John Rogers (d.c.1555), Citizen and Clothworker, bequeathed property in Walbrook (in the parish of St. Mary Woolchurch) and Bucklersbury (in the parish of St. Mary le Bow) to the Company in his will, dated 5 March 1551. He served as the Company's Quarter Warden from 1546-47, but was never Master. He was married to Joan, and had no children. His will suggests a strong link to Yorkshire, and it most likely that he was born and lived his early life there before moving to London. He had three brothers, Richard of Harthill, Yorkshire; John of Wales, Yorkshire and William of Woodall, Yorkshire. He also had two sisters, Isabel Rede and Margaret Belch, and a wide family circle of nephews, nieces and cousins, many of whom he remembered in his will. It is probable that he lived in the parish of St. Swithin, Walbrook Ward, where he granted lands to the Company. A John Rogers was cessed at £6 in the ward in 1549, while another reference to an assessment of £200 on a John Rogers appears in Cripplegate in the same year. In his will, Rogers requested that he be buried in the location that his executors felt was most appropriate.
Rogers served his apprenticeship under Richard Cox, and being made Free in 1545. He subsequently acted as Master to four apprentices: John Hewett, Free in 1553; John Ashby, Free in 1556, Edward Ashby, Free in 1561; and Thomas Osmotherley, Free in 1563. He took an active role in the Company, not just as Quarter Warden, but also in overseeing of the Company’s lands. In 1550, he is recorded as having the oversight of the writings relating to lands the Company had recently sold.
His attachment to the Company is borne out in his will. He gave The Clothworkers’ Company ten pounds for a dinner at the time of his funeral, with directions that any unspent money should be put into the Company poor box. His major grant, however, was four houses or tenements in the parish of Our Lady Woolchurch Hawe in London. He directed the Company to use the rental incomes for the continued upkeep of the property, and to distribute the remaining money amongst poor members. He made further property bequests to his wife Joan in the parish of St. Martin in the Vintry, which he instructed should pass to his nephew William, following her death; and to his nephew Richard Rogers in the Manors of Manby and Abingham in Lincoln. Other financial bequests concerned the purchase and distribution of coals to the poor; scholarships at Oxford and Cambridge (towards which he left 100 marks); sums of money to his siblings and nieces and nephews; and plate, jewels and other materials to a wide network of relatives, friends, and associates.
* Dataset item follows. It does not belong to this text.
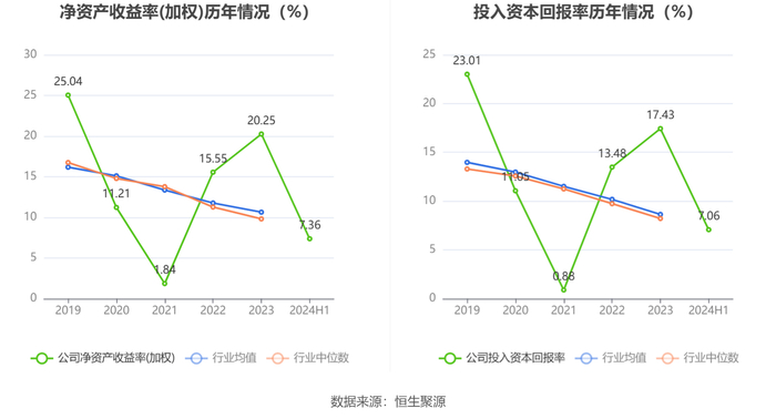 数据显示,2024年上半年公司加权平均净资产收益率为7.36%,较上年同期下降0.62个百分点;公司2024年上半年投入资本回报率为7.06%,较上年同期下降1.28个百分点。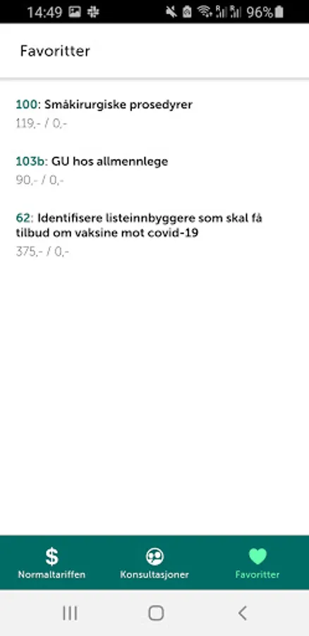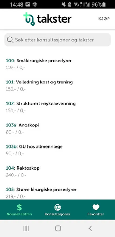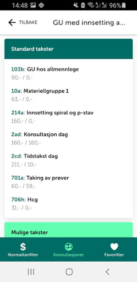 Tariffs give you a complete overview of which tariffs are relevant for different types of consultations. It tells you which rates are commonly used as well as which ones can sometimes be relevant and which ones are not allowed for a given type of consultation!

He appointed his fellow Clothworkers Nicholas Smalle and Phillip Bolde, as his executors.
 The Clothworkers’ Company Archive, (hereafter CCA), Book of Deeds and Wills, CL/A/4/4, Will of John Rogers, 5 March 1551.
 M. Benbow, Notes to index of London citizens involved in City government, 1558-1603, unpublished, p. 745
 'John Rogers, freedom, 1545', Records of London's Livery Companies. URL: http://www.londonroll.org/event/?company=clw&event_id=CLLL12672. Date accessed: 7 January 2013.
 'John Hewett, freedom, 1553', Records of London's Livery Companies. URL: http://www.londonroll.org/event/?company=clw&event_id=CLLL9219. Date accessed: 7 January 2013; ' John Ashby, freedom, 1556', Records of London's Livery Companies. URL: http://www.londonroll.org/event/?company=clw&event_id=CLLL5141. Date accessed: 7 Janaury 2013; 'Edward Ashby, freedom, 1561', Records of London's Livery Companies. URL: http://www.londonroll.org/event/?company=clw&event_id=CLLL5153. Date accessed: 7 January 2013; 'Thomas Osmotherley, freedom, 1563', http://www.londonroll.org/event/?company=clw&event_id=CLLL11832. Date accessed: 7 January 2013.
 CCA, Court Orders, CL/B/1, f. 165r, Court Orders, 6 August 1550.
 CCA, Book of Deeds and Wills, CL/A/4/4, Will of John Rogers, 5 March 1551.